The Anti-Laser's Light-Swallowing Act
The conventional laser uses a "gain medium" -- usually a semiconductor such as gallium arsenide -- to cohere and emit a beam of light waves with the same frequency and amplitude. So ultra-focused is laser light that it has powerful properties, from cutting through steel to moving information at light speed in computers and telecom networks. The Yale team used another semiconductor material -- silicon -- as a "loss medium" to build a coherent perfect absorber.
Lasers amplify light.

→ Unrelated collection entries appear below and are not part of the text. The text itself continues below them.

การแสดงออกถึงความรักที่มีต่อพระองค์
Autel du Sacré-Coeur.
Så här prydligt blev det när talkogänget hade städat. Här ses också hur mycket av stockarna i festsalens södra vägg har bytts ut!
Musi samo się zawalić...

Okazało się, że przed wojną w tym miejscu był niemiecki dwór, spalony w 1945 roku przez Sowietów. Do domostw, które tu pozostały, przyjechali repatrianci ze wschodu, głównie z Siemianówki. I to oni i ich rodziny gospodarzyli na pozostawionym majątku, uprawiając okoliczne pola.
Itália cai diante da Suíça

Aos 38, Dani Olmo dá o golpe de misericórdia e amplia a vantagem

The name itself is an acronym for "Light Amplification by Stimulated Emission of Radiation." It's only natural then that the world's first anti-laser cancels light, and could spark applications in optical supercomputing and radiation oncology.

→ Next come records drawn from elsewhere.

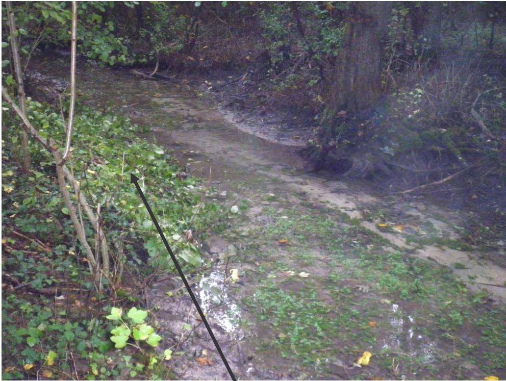
Banquette végétale en rive gauche pour resserrer le lit d'étiage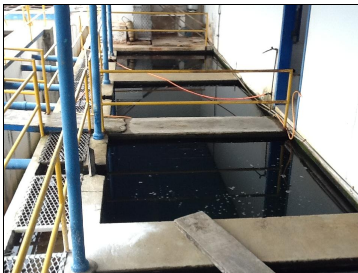
Outras estruturas de tratamento físico da ETA.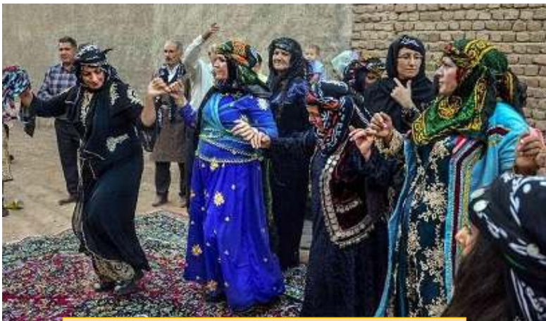
وینهی ههلبه پیکهی ژنانی لۆر له خۆرمۆوه (خرم آباد)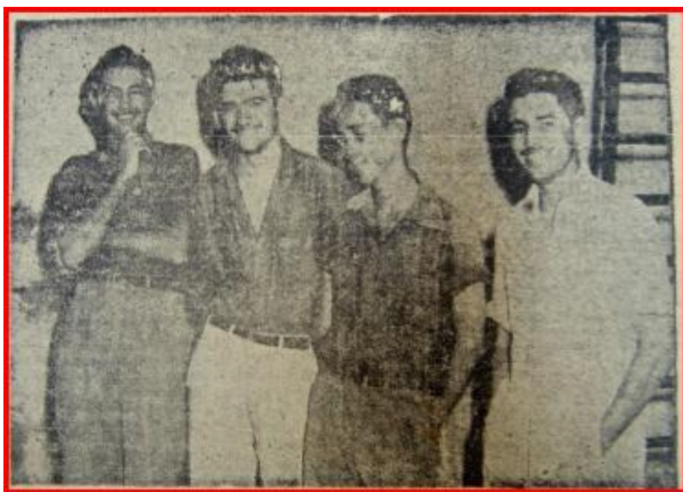
Foto dos rabos-de-burro da primeira geração. 417

É possível dizer-se, que já não eram mais os filhos das grandes famílias do Estado. Um indicativo dessa afirmação é de que esses jovens não tinham mais o nome divulgado, e passaram a ser retratados pelos jornais. Na primeira geração, isso só ocorreu duas vezes, e fazendo uma análise das duas fotos, é possível visualizar algumas diferenças que caracterizaram os dois momentos. 416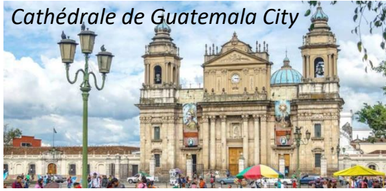
Cathédrale de Guatemala City

Petit-déjeuner puis continuation vers Guatemala City . Visite du centre historique et ses principaux monuments : le Palais National, une des plus belles réalisations architecturales du Pays et la Cathédrale érigée au 18ème siècle.

"Our device is a laser that works backwards, absorbing light at specific frequencies rather than emitting it," said Yale University physics professor Hui Cao, who invented the device with fellow Yale physics professor A. Douglas Stone and published the results in the Feb. 18 issue of the journal Science.
"It absorbs light by setting up a trap within a cavity that contains absorbing materials, so that all the light will be absorbed eventually," Cao told TechNewsWorld.

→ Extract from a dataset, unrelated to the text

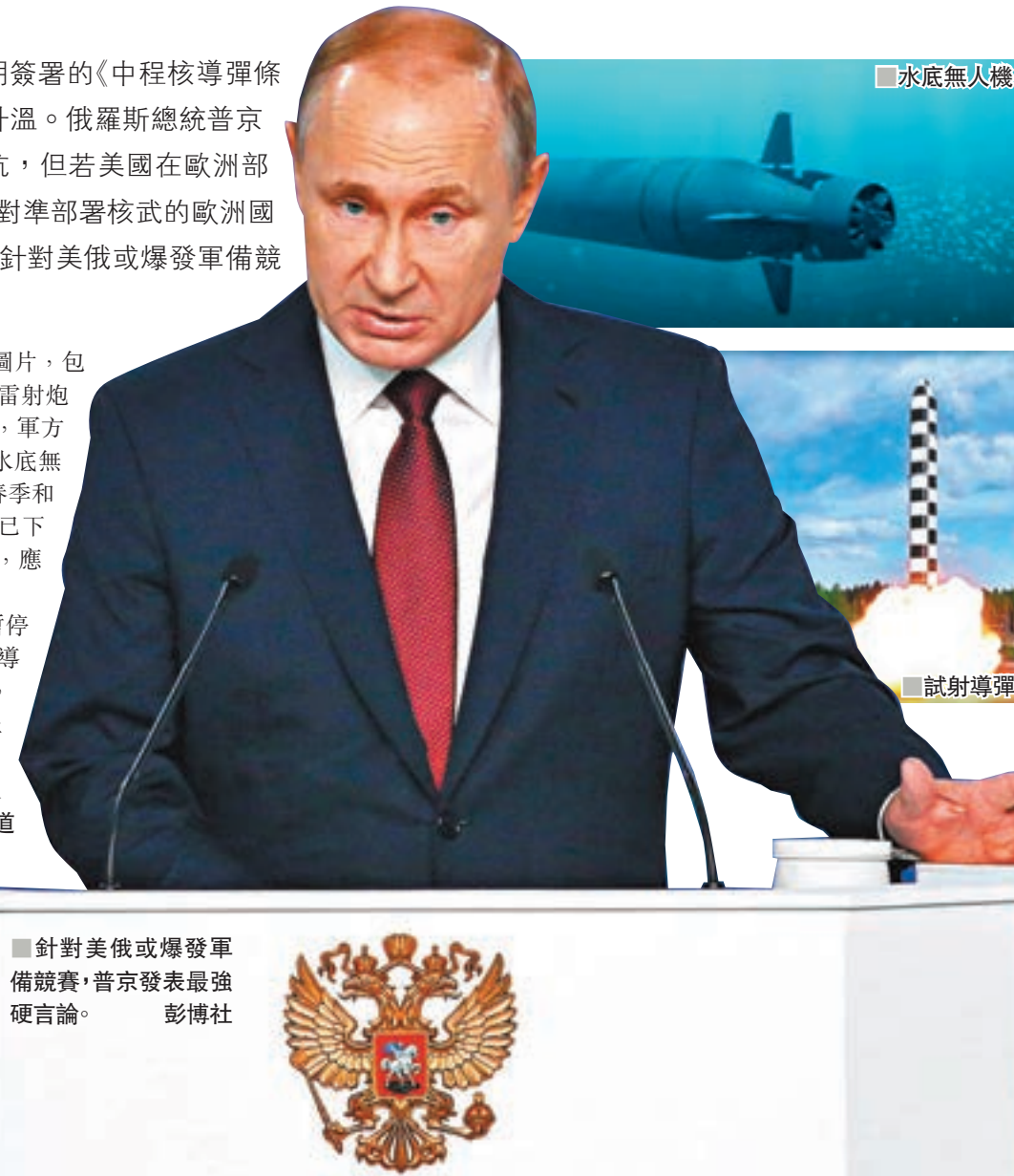
針對美俄或爆發軍備競賽，普京發表最強硬言論。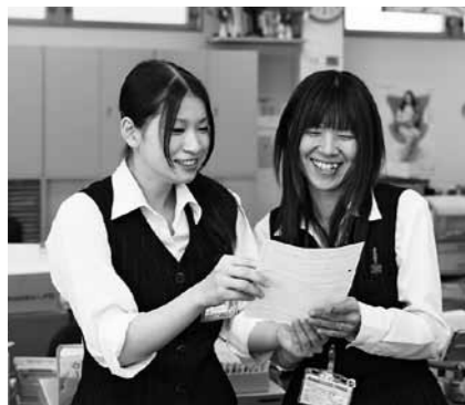
上司・先輩にご指導いただき、早く一人前になれるようがんばります。

●焦らなくても、一歩一歩がんばって行けば、大丈夫だと思いますよ。 館石 はい、私もやるべきことを一つずつ確実に、しっかりとやっていきたいと思っています。がんばりますのでこれからもご指導の程、よろしくお願いたします。

"Several physicists have hinted at the concept of an anti-laser in books and scientific papers, but no one ever developed the idea," Stone explained.
The technique can both increase and decrease light absorption, making it an optical switch candidate, said Frost & Sullivan telecommunications program director Michael Jude.
"It's an interesting device that introduces several potential capabilities but also poses some design challenges," Jude told TechNewsWorld.
Gain and Loss
Invented in 1960, the conventional laser uses a "gain medium" -- usually a semiconductor such as gallium arsenide -- to cohere and emit a beam of light waves with the same frequency and amplitude. So ultra-focused is laser light that it has powerful properties, from cutting through steel to moving information at light speed in computers and telecom networks.
The opposite of "gain" is "loss," and the Yale team used another semiconductor material -- silicon -- as a "loss medium" to build not a coherent light emitter, but a coherent perfect absorber (CPA). To demonstrate, they fired two laser beams into a cavity containing a silicon wafer that trapped the light waves, causing them to bounce back and forth until the cavity transformed them into heat.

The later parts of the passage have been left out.